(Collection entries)

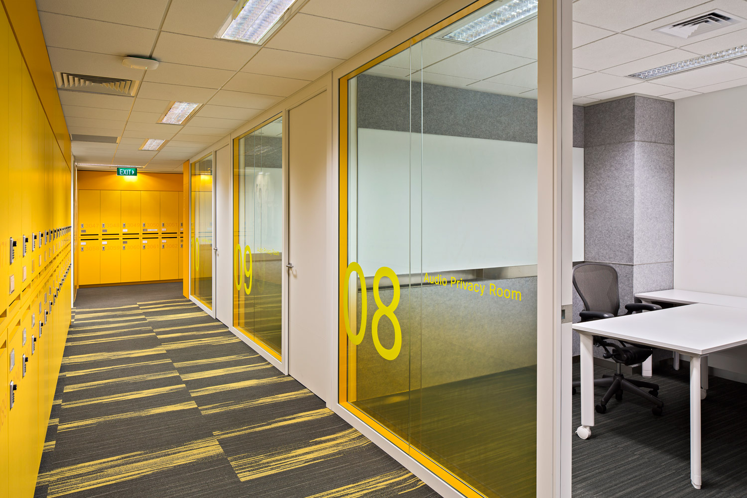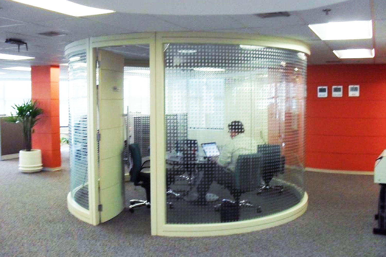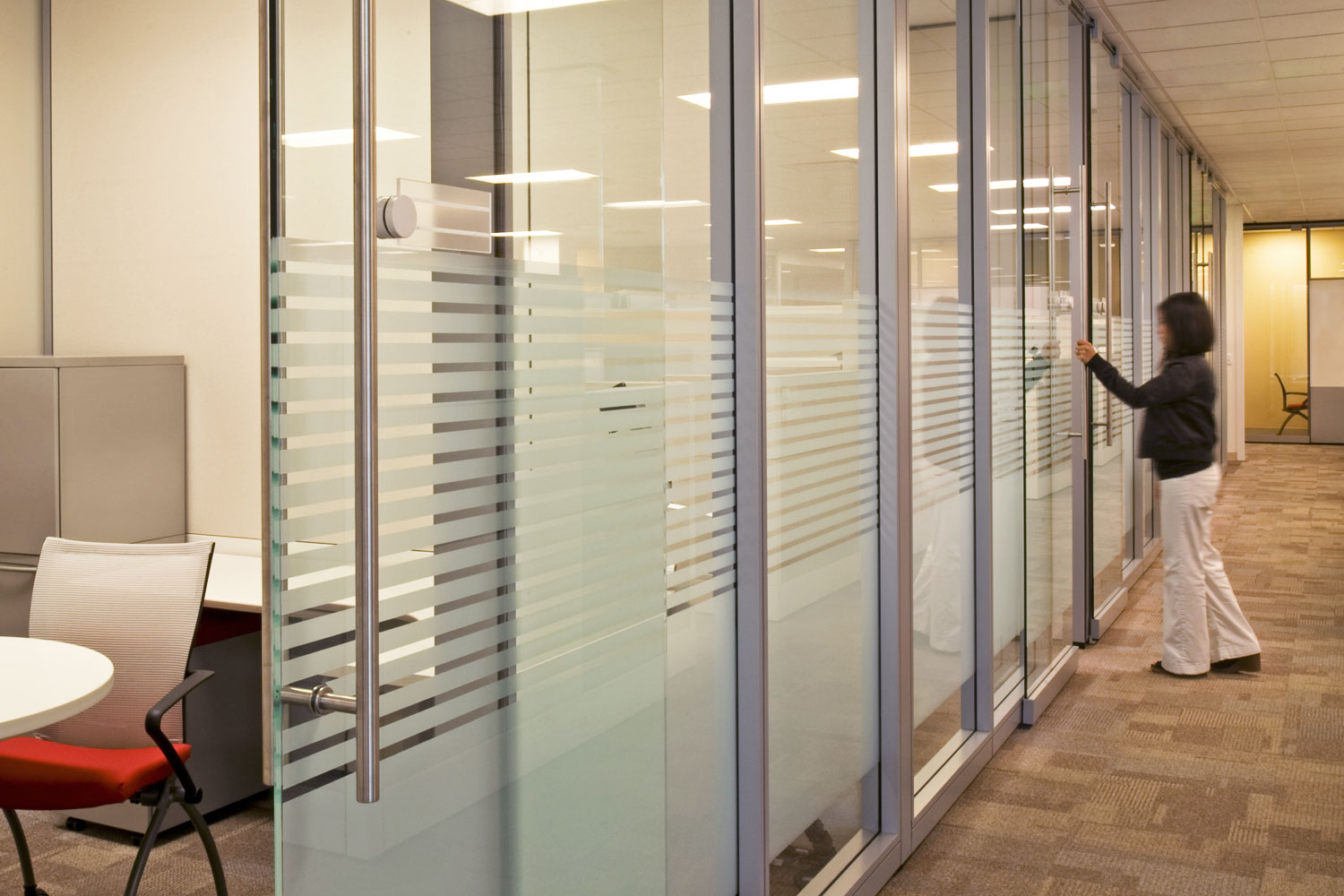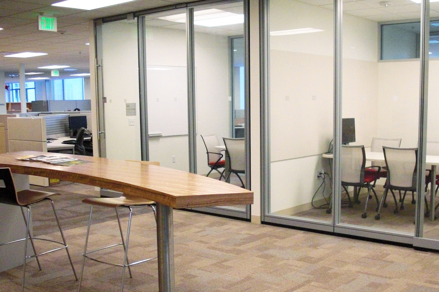 Audio privacy rooms (APRs) are nonbookable, enclosed collaboration spaces that support informal meetings between team members, conference calls, confidential and personal conversations and concentrated group work. They are located in all neighborhoods, and glazed walls provide visual cues to availability.
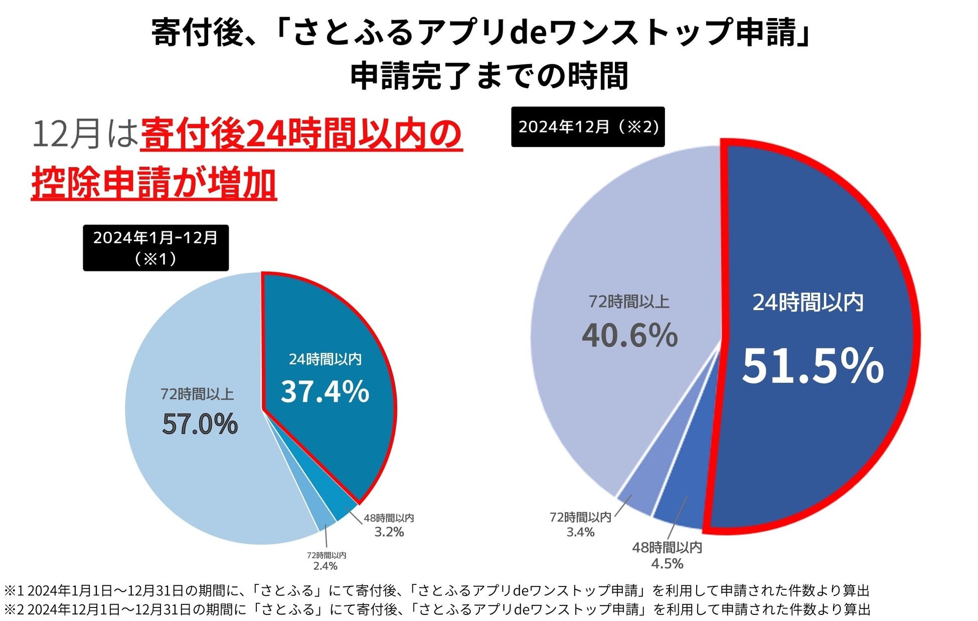 〜2024年12月は半数以上が寄付後24時間以内にワンストップ特例制度の申請を完了〜
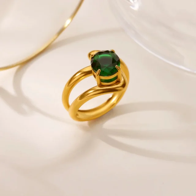 This ring combines the beauty of fine jewelry with the practicality of everyday accessories. Its bold geometric design makes it stand out, while the classic green zircon adds a touch of timeless charm. The hypoallergenic stainless steel base ensures comfort, making it perfect for long wear. Whether you’re treating yourself or gifting someone special, this ring is a meaningful way to bring sparkle into any moment.
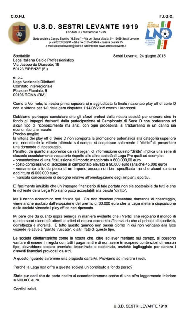 Sarà un’estate caldissima. Dopo il fallimento del Parma, si va verso altri incredibili fallimenti di altre nobili società: il Monza per esempio, ma anche la Reggina, nonostante si sia salvata ai Play Out contro il Messina (a proposito anche i siciliani sono coinvolti nel calcioscommesse, ndr) forse non riuscirà a risanare le casse ed iscriversi alla prossima Serie C. Così, sommata ai casi di illecito o presunto illecito relativi a Catania e Teramo (tanto per fare alcuni esempi, ndr), ma in Serie C sono davvero tantissime le squadre coinvolte, c’è chi dalla Serie D reclama, giustamente aggiungiamo noi, di essere ammessi alla categoria superiore, insomma nei professionisti. Una di queste società è il Sestri Levante, che con pieno merito ha vinto sul campo i Play Off di Serie D, ed avrebbe diritto al ripescaggio nei prof. I liguri a proposito di questo hanno pubblicato una lettera aperta che volentieri divulghiamo anche attraverso la nostra testata.
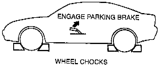 2. Apply the parking brake and position wheel chocks securely to prevent the vehicle from rolling.
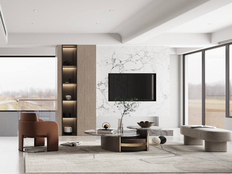 电视背景墙采用大理石与木质拼接设计,整体视觉自然舒适,落地窗的融入为空间纳入自然光线,明朗通透。
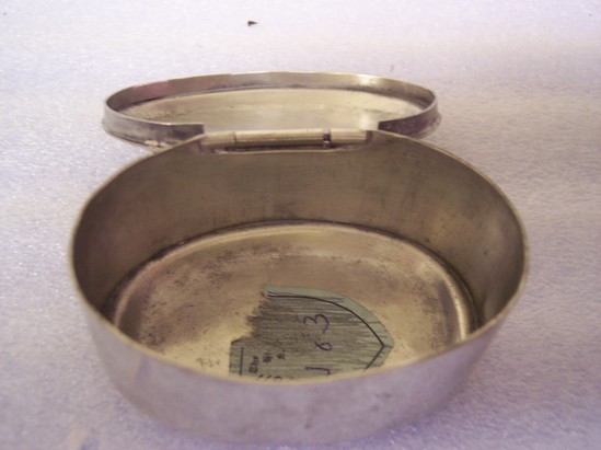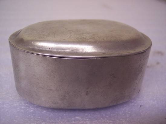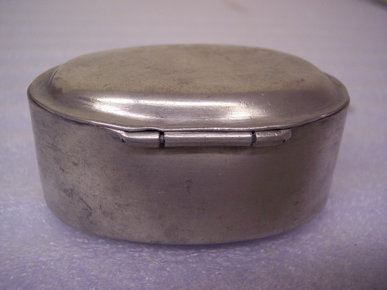 Oval pewter box with hinged lid. Lid has slightly domed top and bottom.
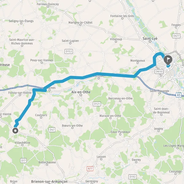 Prendre à droite et rejoindre A5. Continuer sur 27 kilomètres

_Task prompt:_
From the first line of the records through the line containing "This ring combines", please output exactly those lines and nothing more, leaving out the pictures.

_Written reply:_
 Audio privacy rooms (APRs) are nonbookable, enclosed collaboration spaces that support informal meetings between team members, conference calls, confidential and personal conversations and concentrated group work. They are located in all neighborhoods, and glazed walls provide visual cues to availability.
 〜2024年12月は半数以上が寄付後24時間以内にワンストップ特例制度の申請を完了〜
 This ring combines the beauty of fine jewelry with the practicality of everyday accessories. Its bold geometric design makes it stand out, while the classic green zircon adds a touch of timeless charm. The hypoallergenic stainless steel base ensures comfort, making it perfect for long wear. Whether you’re treating yourself or gifting someone special, this ring is a meaningful way to bring sparkle into any moment.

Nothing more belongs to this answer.